Thus revealed, the creature buried its nose in the tire-tilled soil...
January 19, 2004
Brief post and Buff stuff
Category: Serious

Brief post before I go to bed. Don't be discouraged; if you haven't read the last couple of posts, scroll down. Heady stuff for girls and boys alike, yessir.

I was doing so well with the story last week, and now I find I'm barely able to write a word that doesn't get violently scratched out two seconds later. Eventually I got a page down on the legal pad (with just as much writing preceding it, but looking like the page had been ruled after I wrote it, owing to the strikethrough effect of my disapproval), but could write no more, so I just typed what I've got into the word processor so far. 1,400 words, bah. Not much, but I'd planned on this being a really short story, so that means I should probably be wrapping it up soon. But it seems like the action has barely started, so that's a problem. And I'm having a little bit of trouble keeping it from being unconfusing with the tenses, since it describes past actions that were repeated often and I don't want a lot of "would"s and "would then"s all over the place. Hopefully I'll finish it tomorrow, maybe Tuesday, and get the kinks worked out.

And I wish my rejections from the last three pieces I sent out would hurry up and return so I can regroup them and send out the next batch. I like to keep a few on deck, ready to be deployed when the others come in. Like playing a cross between "Go Fish" and "Battleship", it is.

I uploaded a simplistic version of my resume, which is here. I don't plan on getting a job as a result of anyone reading my blog (but I'd be pleasantly surprised if you want to hire me; please want to hire me, please), so this will serve as background info for anyone who's interested in previous jobs I've held, etc. Also, I uploaded a few more of my old drawings, here, here, and here. They're of Buffy. I like Buffy. Or at least I did, until the series moved to UPN and got really, really bad. Trust me, that won't be the last time you hear about that.

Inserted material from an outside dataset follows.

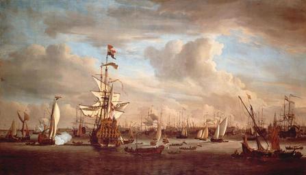 | Keywords: IJ Gouden Leeuw 1700.jpg The IJ at Amsterdam with the former flagship 'Gouden Leeuw' Willem van de Velde II jpg Artwork Creator Willem van de Velde II LangSwitch Cornelis de Tromp's former flagship the 'Gouden Leeuw' on the IJ in front of Amsterdam <ref>http //www rkd nl/rkddb/dispatcher aspx action search database ChoiceImages search priref 9826 RKDimages Art-work number 9826 title translated by Wikimedia Commons </ref> Het voormalige vlaggeschip van Cornelis Tromp de 'Gouden Leeuw' op het IJ voor Amsterdam <ref>http //www rkd nl/rkddb/dispatcher aspx action search database ChoiceImages search priref 9826 RKDimages Kunstwerknummer 9826 </ref> Alternate titles Het IJ voor Amsterdam met de 'Gouden Leeuw' het voormalige vlaggeschip van Cornelis Tromp <ref>http //www geheugenvannederland nl/ /nl/items/RIJK01 SK-C-7 Het IJ voor Amsterdam met de 'Gouden Leeuw' het voormalige vlaggeschip van Cornelis Tromp - het Geheugen van Nederland </ref> <br />De Gouden Leeuw op het IJ voor Amsterdam 1686 oil canvas cm 179 5 316 Institution Amsterdam Museum LangSwitch Signed and dated bottom centre on a piece of driftwood Gesigneerd en gedateerd middenonder op een stuk drijfhout W v Velde J 1686 Object history by 1808-03-07 Vergaderzaal van de oppercommissarissen der Walen Schreierstoren Amsterdam transfer LangSwitch Town Hall Stadhuis Amsterdam - 1808-08-15 1975 loan Rijksmuseum SK-C-7 Amsterdam SA 7421 Amsterdam www geheugenvannederland nl http //www geheugenvannederland nl/ /en/homepage Home http //www geheugenvannederland nl/ /en/items/RIJK01 SK-C-7 Info http //resolver kb nl/resolve urn urn gvn RIJK01 SK-C-7 role image size large Pic SA 7421 Other versions Van de Velde Gouden Leeuw 1686 jpeg Version from www wga hu The IJ at Amsterdam with the former flagship 'Gouden Leeuw' Willem van de Velde II jpg PD-old-100 LangSwitch Hinweis References Notes Noten <references /> Willem van de Velde II 1686 De Gouden Leeuw ship 1666 |

In fact, if you're still with us, you're gonna hear about it right now. I do so hate to leave insubstantial posts, you know. The following is one of my posts on a Buffy board, during the final season of Buffy. I called the post "The Problem with Buffy (and Angel)", with the Angel part in parenthesis because I wasn't sure about that show's direction at the time -- a few of the then recent episodes seemed to indicate that the show was getting "back on track," as it were. If I were writing the same post today, the parentheses definitely wouldn't be there. Oh, and I'm gonna try the blockquote tag inside it -- I've never used it before. Let's see how it turns out...

The Problem with Buffy (and Angel)

Well you've all seen me posting very unhappy reviews regarding this season's episodes. And here, I think is the reason. In looking for the Buffy quote with which I ended a post in the regular thread (where we've been talking about Buddhism and moral truths) -- since I remembered it but couldn't remember which episode it was from -- I was a little disturbed to find that it wasn't on BuffyGuide.com, which is where I usually get all of my quotes. There were plenty of humorous quotes, but the good, inspiring ones like that? Nada. So I'm thinking that must suggest something about what people were getting out of Buffy, and maybe why the show's so shitty now. (Not that that's the only reason, of course.)

So finally I found the quote not on any quote Buffy page, but on City of Angel in the review of "Epiphany" from Angel, Season 2. Here's the fulltext of the passage:

But the most enlightening moment of this epiphany is Angel's quiet and sincere talk with Kate near the end of the episode. She confesses her own despair that "nothing I do means anything" and Angel agrees. "In the greater scheme nothing we do matters . . . there's no big win." All that matters is what they do now. But Kate assures him that they aren't alone in this fight, because she never 'invited him in' proving that the PTB have intervened for a greater purpose. What I like here is that the producers have always kept true to what Buffy and Angel have been about all along. Fighting the good fight, not for gain but because its right and its what they have to do. In the BtVS season three episode, Gingerbread, Angel says to Buffy, "We never win. That's not why we fight. We do it because there are things worth fighting for." And as Angel concludes to Kate, "All I want to do is help."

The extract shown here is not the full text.